In the future, and this future is inevitable, (though the time frame is variable), the patient, doctor, and insurer will all win from the efficiencies created by the interoperable patient medical record.

Patient:

Patient's will move through their lives with a medical record as convenient as an email account. We will lve with our medical records as transparently as our Amazon shopping history.

Doctor:

Doctors will be able to handle patient histories with the ease of a blog post and bill patients with the ease of tagging. Through video, voice, phone, stylus, or keypad the doc will have every option for encapsulating diagnoses in the patient's lifelong record: from birth to death we will be anthologized in our medical record.

Insurer:

The insurer's will be pulling needed data from a cloud of data optimized for satisfying the criteria of that insurer's coverage. The insurer won't do any work to accomplish this--like IMS data --there will be a subscription to the patient's permission-based feed and every piece of form data that the doctor's office and the patient typically have to enter, and re-enter, and re-enter again will be automatically, securely, fulfilled.

Timeline?

This future is inevitable.
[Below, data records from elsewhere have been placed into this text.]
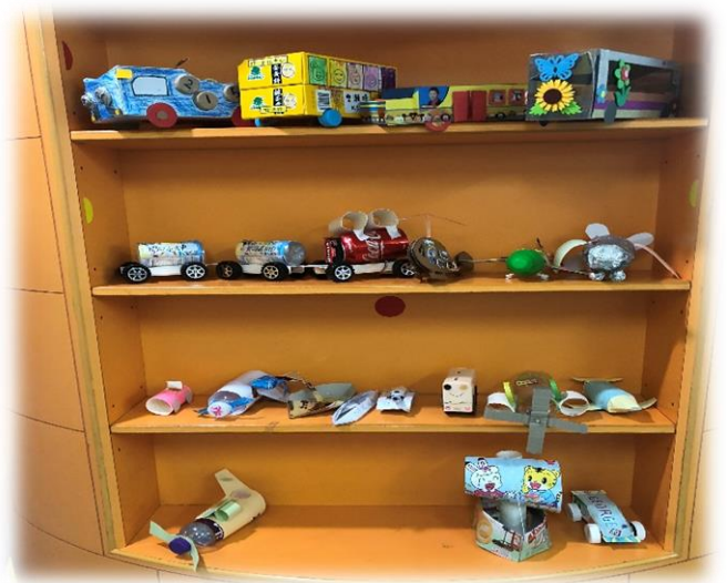
圖 7-10：在走廊設展示區展示幼兒造的交通工具。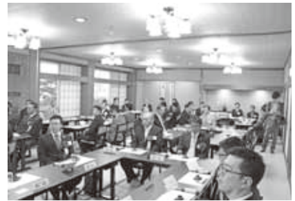
海南YEG創立30周年記念式典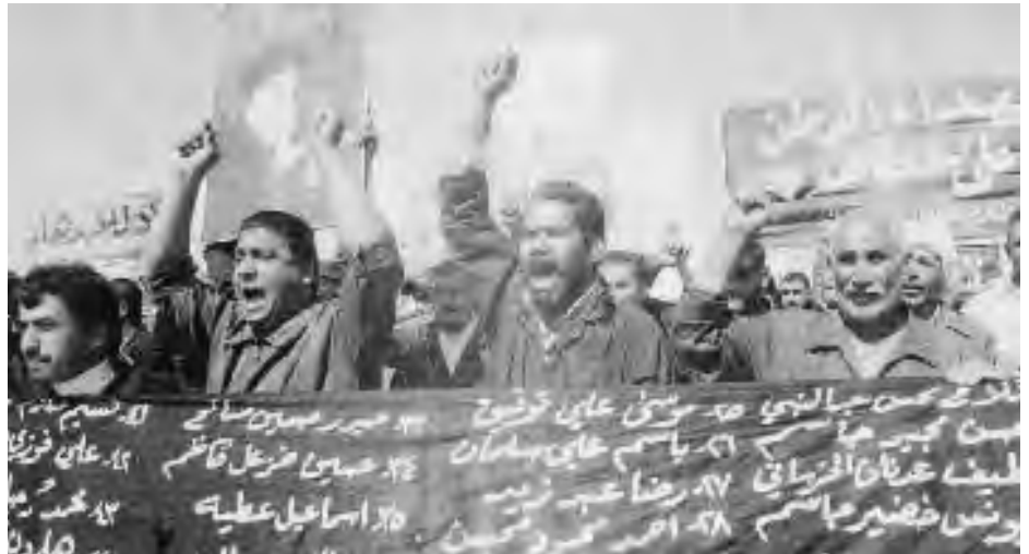
Cientos de trabajadores de la industria eléctrica marchan en Bagdad el 24 de marzo para condenar los ataques de grupos vinculados al antiguo régimen de Saddam Hussein contra centrales eléctricas.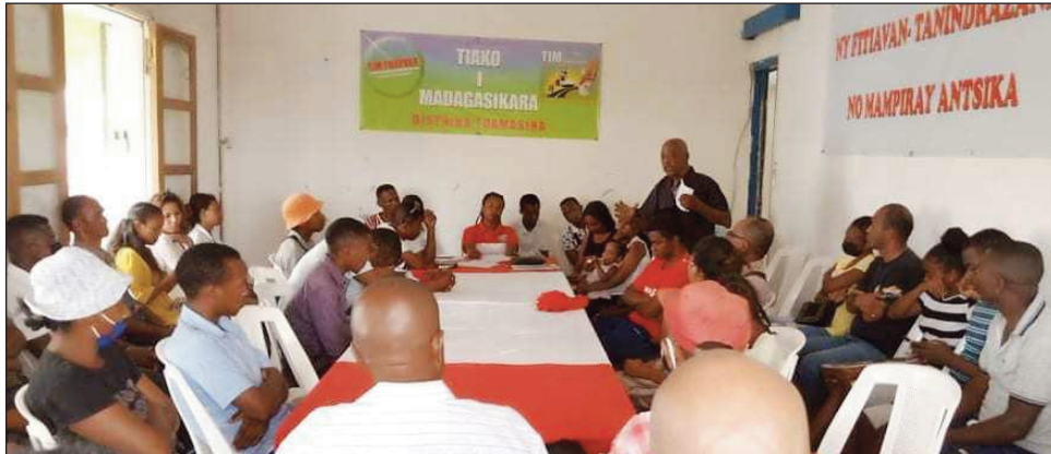
Ny fihonana teo amin'ny Jeune TIM Toamasina ny faran'ny herinandro teo.

Nanatanteraka fihonana ny tanoran'ny antoko Tiako i Madagasikara, na ny Jeune TIM any Toamasina faritra Atsinanana ny faran'ny herinandro teo. Fotoana izay nifanomezan'izy ireo vaovao mahakasika ny raharaham-pirenena amin'izao fotoana, nifampiarahaban'izy ireo ihany koa tratry ny Asaramaniry ny taona vaovao 2022, ny fanetsehana na ny fameloma-maso indray ny antoko, indrindra ny an'ny tanora araka ny toromariky ny filoha mpanorina Marc Ravalomanana. Nisongadina nandritra izany, fa velona sy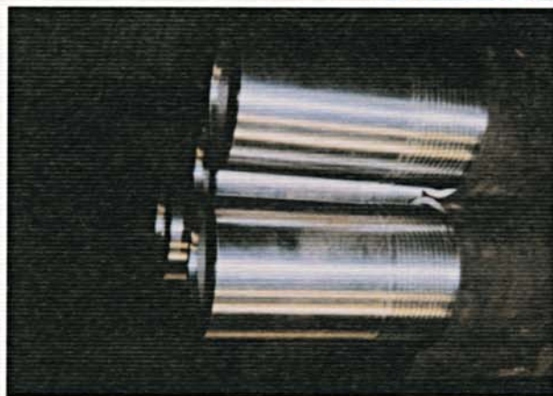
Nippli lunghi. Long nipples.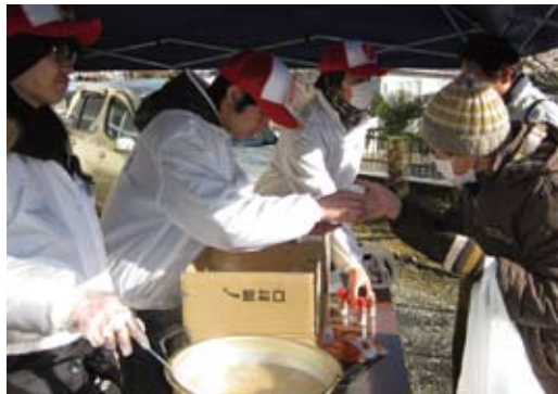
19日、社会福祉部・医療部チームが仙台小隊で温かい豚汁とお弁当の給食をおこなう。医療品を気仙沼へ向かう便に託すことができた。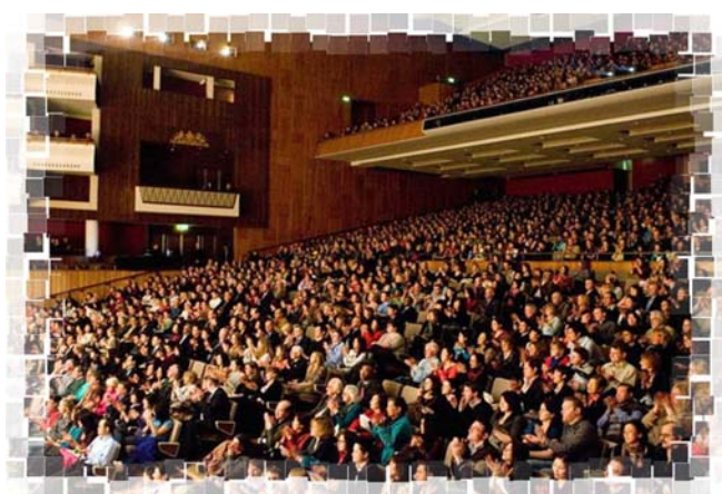
▲ 神韵晚会伦敦皇家节日音乐厅现场座无虚席

由美国神韵艺术团担纲的神韵晚会，自 2008 年 1 月初在美国纽约拉开序幕后，兵分两路，先后来到德国、荷兰、日本、韩国、英国、比利时、法国、瑞士、奥地利、台湾等国家和地区的政治、经济、文化中心进行巡回演出。晚会将中华五千年传统文化中的精粹，以近乎完美的艺术手段展现在众多观众面前，让观众在历史的长卷中感受着人类曾经的辉煌，感受着最正统的中华文化，感受着真正的艺术之美。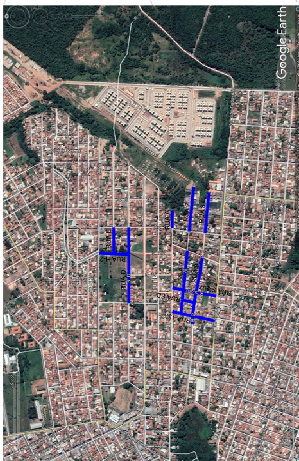
Bairro: Jardim Adalia - Várzea Grande - MT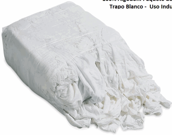
100% Algodón. Paquete de 15lb. Trapo Blanco - Uso Industrial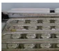
Detalles inyectores, sistema mecánico y sonda en evaporador.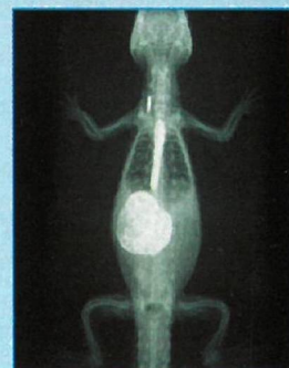
... str. 384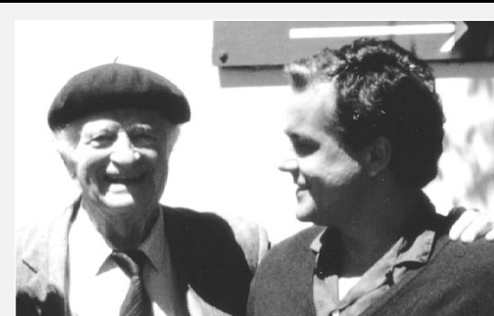
« Un jour, des guerres pourront même éclater, simplement pour empêcher que tes découvertes soient reconnues dans le monde entier », déclarait Linus Pauling, double Prix Nobel, peu avant sa mort en 1994, au Dr Rath.

En tant que scientifique, j'ai découvert qu'il était possible de contrôler les maladies aujourd'hui les plus courantes grâce à des remèdes naturels. J'ai également démasqué les bénéficiaires de cette guerre qui fait rage. Je considère donc qu'il est de mon devoir de lancer un appel aux peuples et aux chefs politiques du monde entier afin qu'ils nous aident sans tarder à construire un « monde sans maladies » !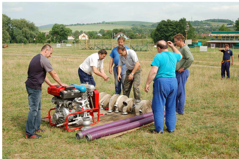
Požiarne družstvo mužov Fakultnej nemocnice Trenčín pri nácviку požiarneho útoku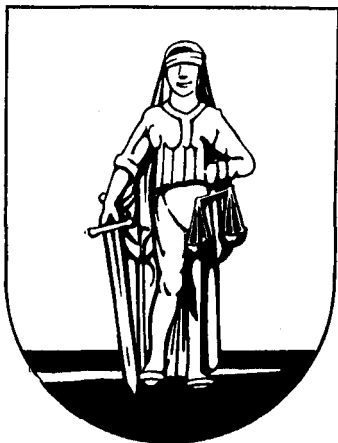
Het tegenwoordige wapen van Beek-L.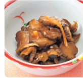
パリパリきゅうり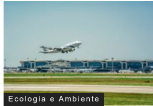
Ecologia e Ambiente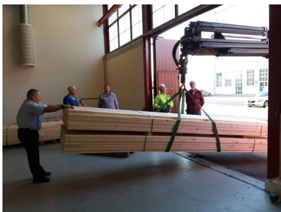
Måndagen den 2 januari kom leveransen av virket övervakad byggmästaren själv (till höger)

Detta för att byggmästaren (undertecknad) skulle kunna planera ombyggnaden och anpassningen av lokalerna så att byggnadsarbetet skulle kunna starta så snart som möjligt på det nya året. Lagerlokalen, som skall hysa själva anläggningen och åskådare, är 16 x 10 kvm och inte mindre än 6 m hög. Anslutande kontorslokal som har 4 rum, pentry, toalett och hall är på 95 kvm. Den höga höjden i lagerlokalen samt traversbalkar i taket innebar att vi kunde planera in ett hängande entresolplan på 3,2 m höjd utan pelare med måtten 4,5x16 kvm som är tänkt att tjäna som klubblokal och bibliotek. Totalt får vi alltså en yta på totalt 327 kvm jämfört med ca 210 i gamla lokalen.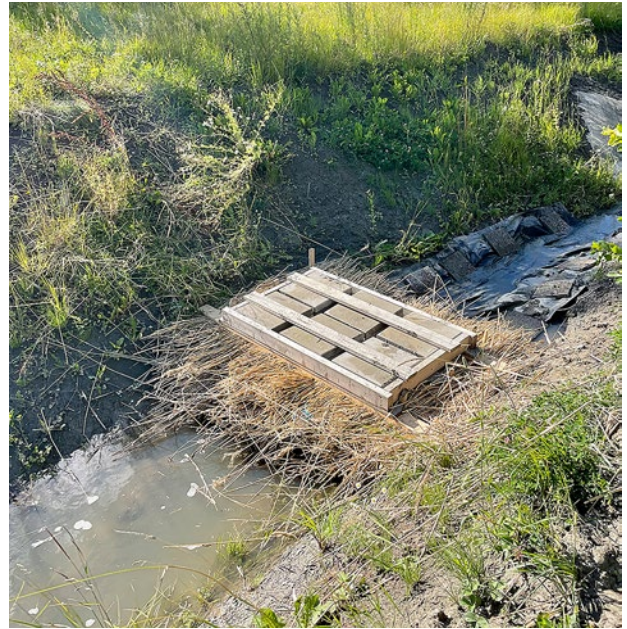
Kuva 2. Otetuissa vesinäytteissä ei havaittu kiintoaineen pidättymistä rakenteeseen.

taa selvitettiin näytteenotoin neljän eri sadetapahtuman aikana. Otetuissa vesinäytteissä ei havaittu kiintoaineen pidättymistä rakenteeseen. (Kuva 2).

The question now becomes are we 5, 10 or 50 years away from the seamless management of our health records?

Wednesday, October 07, 2009

Banks, banking... Do we love our banks? Hate them? Are we indifferent?

Banks, banking, the business model at the very heart of the current financial crisis.

Do we love our banks? Hate them? Are we indifferent?

If we could customize a bank to serve us as we saw fit, what would we ask of the institution?

Me? I'd like my bank to be:

* a "community"
* a place where I knew the people who handled my money
* a place where I knew the people who banked there

I'd like my bank to offer me:

* a micro-loan function that I could participate in both as lender and/or borrower
* state-of-the art technologies: for example, I'd like my bank to enable me to pay for my bills with cell phone number.
* better credit/debt service--proactively
* ways to optimize my financial services and options.

This is just a getting started list...

What else could I ask of my bank if I had my druthers?